Formula 1 grand prix poses the ultimate design challenge, with up to 95% of each race car changed from one season to another. Use of 3D solid modelling is a fairly recent initiative by racing team designers, dating back just two or three years.
Previously most teams favoured conventional 2D drawings. Todaymultiple reconfigurations of the cars are carried out from race to race and event to event using digital mock-ups, product data management (PDM), web portals and much else besides.
This is no mean achievement as the top competitors such as McLaren operate two F1 teams, one for competition with three cars, the other a test team with two cars that are constantly undergoing experiments using innovative components.
Though McLaren began using CAD in the 1980s, it started defining components exclusively using a CAD system (originally from Computervison) only in 1992. In 1999 the company switched to IBM and Dassault Systemes’ Catia V4, of which it now has around 80 seats.
The move was dictated by the need for tighter integration with CFD simulation.Catia’s CAD/CAM/CAE is used for chassis design by seven out of the 12 teams (McLaren, Benetton, Ferrari, Arrows, Prost, Sauber and Toyota, which is developing a car for the 2002 season) – plus several of the engine manufacturers, including Ilmor Racing Engines (developer of the Mercedes engine for McLaren), Renault (for Benetton), Asiatech (for Arrows), Honda (for Jordan and BAR) and BMW (for Williams).
Because of the restrictive technical regulations for Formula 1 design, performance breakthroughs are rare these days, so incremental improvement is everything. Mike Plowman, IBM engineering projects director, explains the need for optimising each of the 3,500 components in a racing car. ‘If you can make just 0.1% improvement during tests, then you can move up the grid significantly.’
Development is astoundingly fast. Most teams start designing next year’s car in July, for construction in October and testing by Christmas and through January and February. The racing season lasts from March to early October, and testing continues in parallel, until December.
McLaren has about 60 designers, including four handling finite element analysis, six in the CFD group and 50 in the Vehicle Technology R&D group.
About 85% of each car is built in-house, apart from the engine and a few brake components. The carbon-fibre floors, top bodies and chassis are hand-built, using a novel laser projection system with specialist composite layingsoftware. McLaren is one of the few teams to design and manufacture its own gearboxes.
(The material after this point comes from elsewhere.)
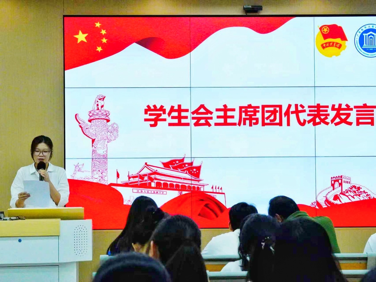 黄子榕代表学院团学组织分享了在服务学院和同学工作过程中的收获与体会。她表示,学院团委、学生会将更加饱满的热情,主动倾听同学需求、加强团队协作、策划精品活动,更好地服务同学、奉献校园。

Solid modelling gives complete definition to every part of the car, from aerodynamics and safety analysis through to detailed design, analysis and kinematic simulation on the powertrain and control systems.
Digital mock-up and assembly enable rapid evaluation and quick part changes. In fact, the whole powertrain can be changed on the vehicle in just six minutes.
‘At any time there is an enormous amount of change and activity going on,’ says Plowman. All this has to be captured and recorded on an event-by-event basis. This calls for stringent knowledge management and the ability to map the overall configuration of each car as it develops.
McLaren has a complete electronic information management system, with web-enabled links to suppliers and the trackside. 3D data is shared between technicians, designers, the manufacturing staff (mostly in-house) and the team at the race.
‘We make an effort to wipe out any chance of unauthorised change,’ Plowman says. An authority-driven change control mode manages task execution throughout the design process. The system tracks when changes are implemented, ensures traceability and allows analysis of the impact of any changes. ‘It also prevents creating an enormous amount of scrap as parts are replaced,’ Plowman says.
Use of the digital mock-up ensures that everybody works from the same design, and enables fast clash detection. This is especially important when managing prototypes, with information drawn from many sources.
McLaren is testing the Enovia portal for communication between the designers and the factory floor. Eventually it plans to use it for communicating with the trackside and Ilmor Engineering.
Design engineer Scot Bain says the speed of working can be breathtaking: ‘The main question for new engineering recruits is: can they take the pace? Sometimes we draw something in the morning and it is made in the afternoon, bagged out and shipped out to a trackside on the other side of the world. Everybody has to work concurrently. This is real just-in-time production.’